The output should match, line for line, the records from the line containing "Our luggage tag keychains" through the line containing "从纯度上分,有鲜色调、浊色调、淡色调。", with every picture left out.
== GIVEN RECORDS ==
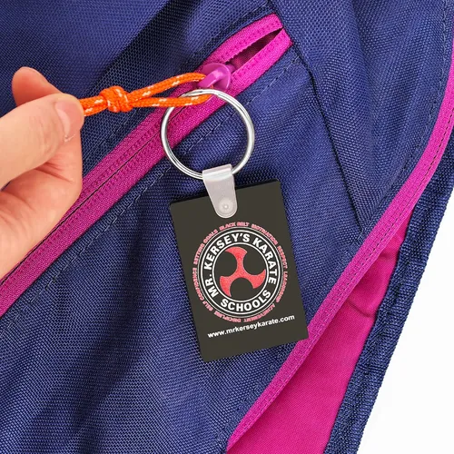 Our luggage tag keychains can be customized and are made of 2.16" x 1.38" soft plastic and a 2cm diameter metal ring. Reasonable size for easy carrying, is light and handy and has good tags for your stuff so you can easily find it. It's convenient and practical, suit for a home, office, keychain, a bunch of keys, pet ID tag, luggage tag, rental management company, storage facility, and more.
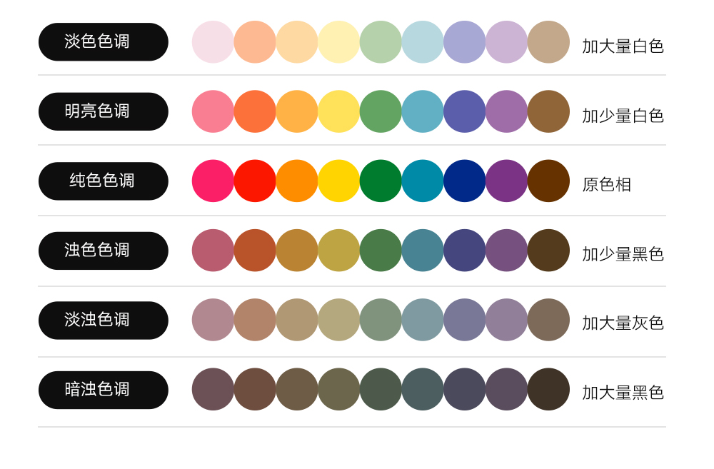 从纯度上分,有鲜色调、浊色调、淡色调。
===
== GIVEN RECORDS ==
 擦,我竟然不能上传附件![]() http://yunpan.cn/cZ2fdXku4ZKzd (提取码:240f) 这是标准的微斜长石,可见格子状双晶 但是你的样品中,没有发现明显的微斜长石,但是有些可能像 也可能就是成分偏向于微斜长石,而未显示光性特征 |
===
**SOLUTION FOR THIS EXERCISE:**
 Our luggage tag keychains can be customized and are made of 2.16" x 1.38" soft plastic and a 2cm diameter metal ring. Reasonable size for easy carrying, is light and handy and has good tags for your stuff so you can easily find it. It's convenient and practical, suit for a home, office, keychain, a bunch of keys, pet ID tag, luggage tag, rental management company, storage facility, and more.
 从纯度上分,有鲜色调、浊色调、淡色调。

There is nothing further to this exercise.